> **Exercise prompt**: Output the run of lines that opens with the first line of the material below and closes with the line containing "Voici une fleur", both included, and drop the pictures.

> **Data to examine**:
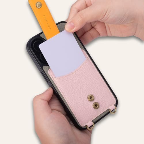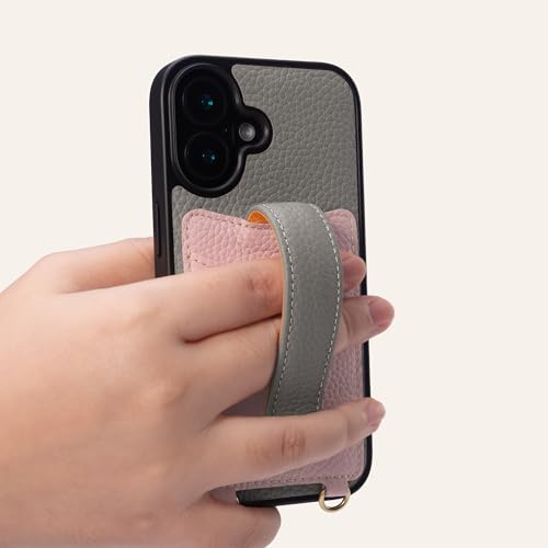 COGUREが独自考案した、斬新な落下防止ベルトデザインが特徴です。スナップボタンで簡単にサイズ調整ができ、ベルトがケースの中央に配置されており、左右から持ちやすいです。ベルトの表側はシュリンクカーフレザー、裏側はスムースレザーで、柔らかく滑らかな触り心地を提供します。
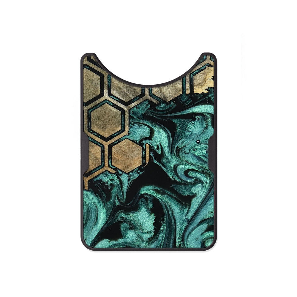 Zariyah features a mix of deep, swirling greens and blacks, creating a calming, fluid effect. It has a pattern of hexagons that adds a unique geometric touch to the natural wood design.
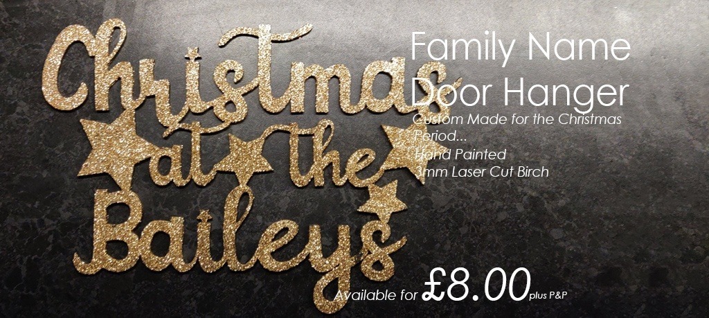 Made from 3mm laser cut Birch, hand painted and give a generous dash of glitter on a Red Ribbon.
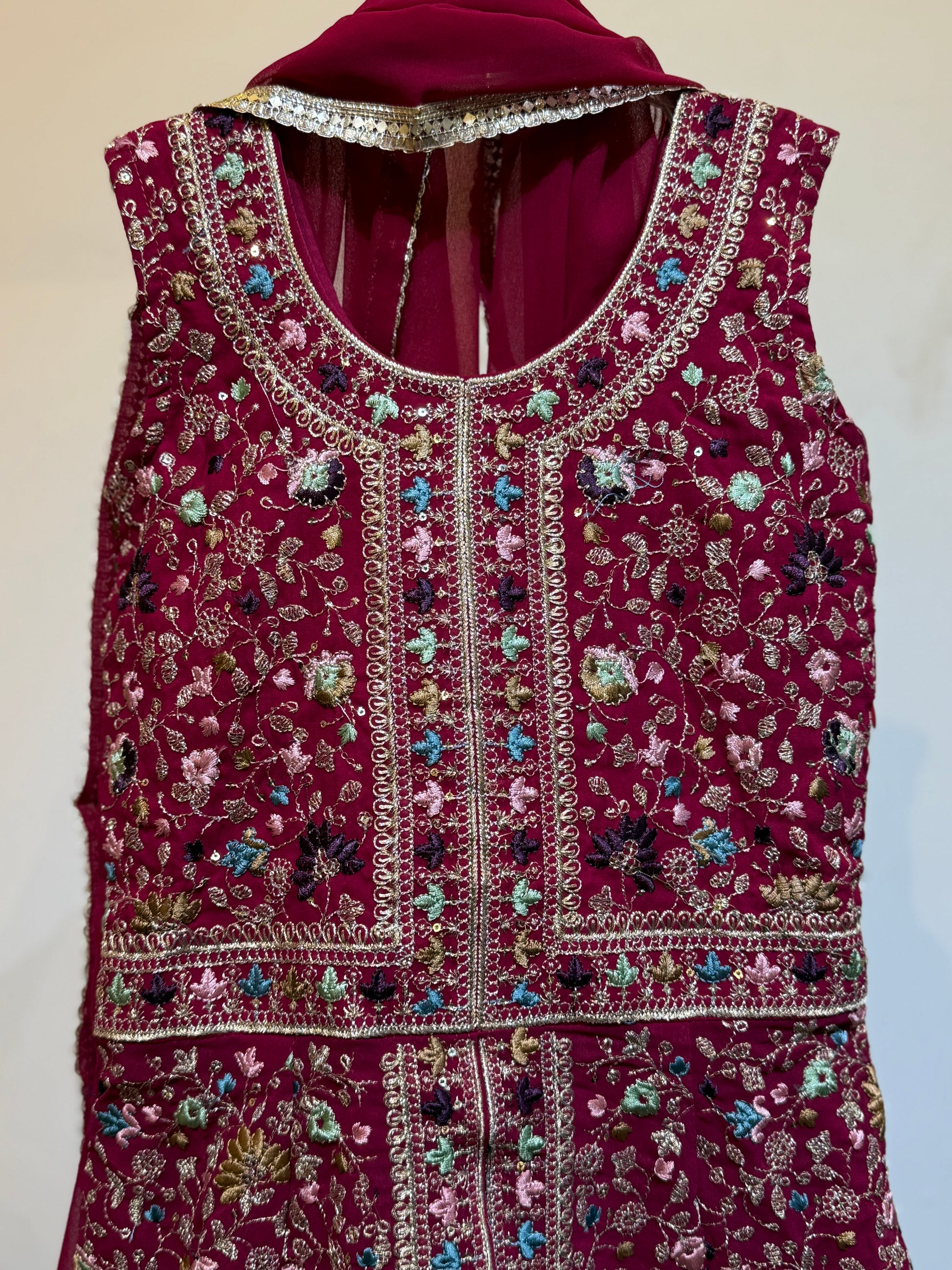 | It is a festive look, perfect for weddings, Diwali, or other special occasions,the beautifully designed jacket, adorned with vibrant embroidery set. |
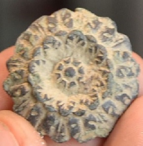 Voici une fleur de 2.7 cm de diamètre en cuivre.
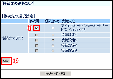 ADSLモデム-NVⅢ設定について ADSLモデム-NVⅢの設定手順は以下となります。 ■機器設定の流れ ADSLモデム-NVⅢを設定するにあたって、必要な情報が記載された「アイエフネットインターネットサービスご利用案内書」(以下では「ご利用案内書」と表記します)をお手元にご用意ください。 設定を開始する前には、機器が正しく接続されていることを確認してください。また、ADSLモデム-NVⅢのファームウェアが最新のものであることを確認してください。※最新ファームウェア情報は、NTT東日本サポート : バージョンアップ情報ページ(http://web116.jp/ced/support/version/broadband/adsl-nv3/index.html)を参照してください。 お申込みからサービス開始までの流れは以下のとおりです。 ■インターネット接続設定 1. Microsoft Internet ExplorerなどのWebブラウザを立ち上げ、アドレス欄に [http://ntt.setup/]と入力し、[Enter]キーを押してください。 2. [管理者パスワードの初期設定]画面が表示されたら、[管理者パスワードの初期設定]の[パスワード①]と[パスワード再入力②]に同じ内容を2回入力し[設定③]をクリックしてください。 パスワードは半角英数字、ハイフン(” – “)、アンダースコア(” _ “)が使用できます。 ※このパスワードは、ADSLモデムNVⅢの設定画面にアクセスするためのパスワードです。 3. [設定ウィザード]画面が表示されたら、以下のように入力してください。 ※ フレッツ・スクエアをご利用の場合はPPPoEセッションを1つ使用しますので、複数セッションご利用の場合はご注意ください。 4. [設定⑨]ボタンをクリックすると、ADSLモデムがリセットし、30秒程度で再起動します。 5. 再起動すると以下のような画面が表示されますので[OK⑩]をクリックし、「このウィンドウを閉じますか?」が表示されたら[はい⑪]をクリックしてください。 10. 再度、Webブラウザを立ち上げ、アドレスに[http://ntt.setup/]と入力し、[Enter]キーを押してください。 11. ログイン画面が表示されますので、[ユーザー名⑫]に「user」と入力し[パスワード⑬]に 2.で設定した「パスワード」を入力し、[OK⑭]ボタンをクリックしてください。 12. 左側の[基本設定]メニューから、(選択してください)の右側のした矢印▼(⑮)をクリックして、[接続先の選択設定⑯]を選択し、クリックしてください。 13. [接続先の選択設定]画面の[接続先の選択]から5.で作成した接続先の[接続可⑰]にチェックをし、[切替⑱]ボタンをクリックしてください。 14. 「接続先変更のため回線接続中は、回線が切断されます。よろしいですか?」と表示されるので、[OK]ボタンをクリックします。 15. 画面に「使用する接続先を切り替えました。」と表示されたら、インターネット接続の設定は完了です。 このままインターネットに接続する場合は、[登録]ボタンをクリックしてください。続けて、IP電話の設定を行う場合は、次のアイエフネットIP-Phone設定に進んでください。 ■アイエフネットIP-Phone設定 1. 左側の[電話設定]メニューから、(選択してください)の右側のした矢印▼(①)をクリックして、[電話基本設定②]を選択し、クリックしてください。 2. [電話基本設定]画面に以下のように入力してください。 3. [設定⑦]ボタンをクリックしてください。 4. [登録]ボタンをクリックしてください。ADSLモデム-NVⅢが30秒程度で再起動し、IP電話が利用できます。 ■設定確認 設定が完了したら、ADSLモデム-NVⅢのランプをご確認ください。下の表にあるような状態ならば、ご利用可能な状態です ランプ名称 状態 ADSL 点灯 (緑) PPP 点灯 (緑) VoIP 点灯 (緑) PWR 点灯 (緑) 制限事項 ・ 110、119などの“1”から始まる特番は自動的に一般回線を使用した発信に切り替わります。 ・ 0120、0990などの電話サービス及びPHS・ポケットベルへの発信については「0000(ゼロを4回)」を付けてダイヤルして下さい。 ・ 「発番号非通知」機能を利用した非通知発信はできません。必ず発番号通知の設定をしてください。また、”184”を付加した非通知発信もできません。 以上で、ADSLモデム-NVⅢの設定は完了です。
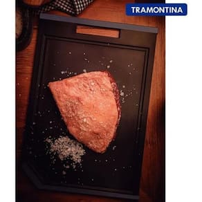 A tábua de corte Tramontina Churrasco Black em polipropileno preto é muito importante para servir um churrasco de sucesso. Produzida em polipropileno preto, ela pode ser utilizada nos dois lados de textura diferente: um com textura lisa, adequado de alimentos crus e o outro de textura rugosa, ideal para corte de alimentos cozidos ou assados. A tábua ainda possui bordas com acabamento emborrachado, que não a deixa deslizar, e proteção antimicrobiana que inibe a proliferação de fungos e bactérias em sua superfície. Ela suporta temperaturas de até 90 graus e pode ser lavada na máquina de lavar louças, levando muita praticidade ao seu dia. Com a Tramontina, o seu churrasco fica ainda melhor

> **Task solution**:
 COGUREが独自考案した、斬新な落下防止ベルトデザインが特徴です。スナップボタンで簡単にサイズ調整ができ、ベルトがケースの中央に配置されており、左右から持ちやすいです。ベルトの表側はシュリンクカーフレザー、裏側はスムースレザーで、柔らかく滑らかな触り心地を提供します。
 Zariyah features a mix of deep, swirling greens and blacks, creating a calming, fluid effect. It has a pattern of hexagons that adds a unique geometric touch to the natural wood design.
 Made from 3mm laser cut Birch, hand painted and give a generous dash of glitter on a Red Ribbon.
 | It is a festive look, perfect for weddings, Diwali, or other special occasions,the beautifully designed jacket, adorned with vibrant embroidery set. |
 Voici une fleur de 2.7 cm de diamètre en cuivre.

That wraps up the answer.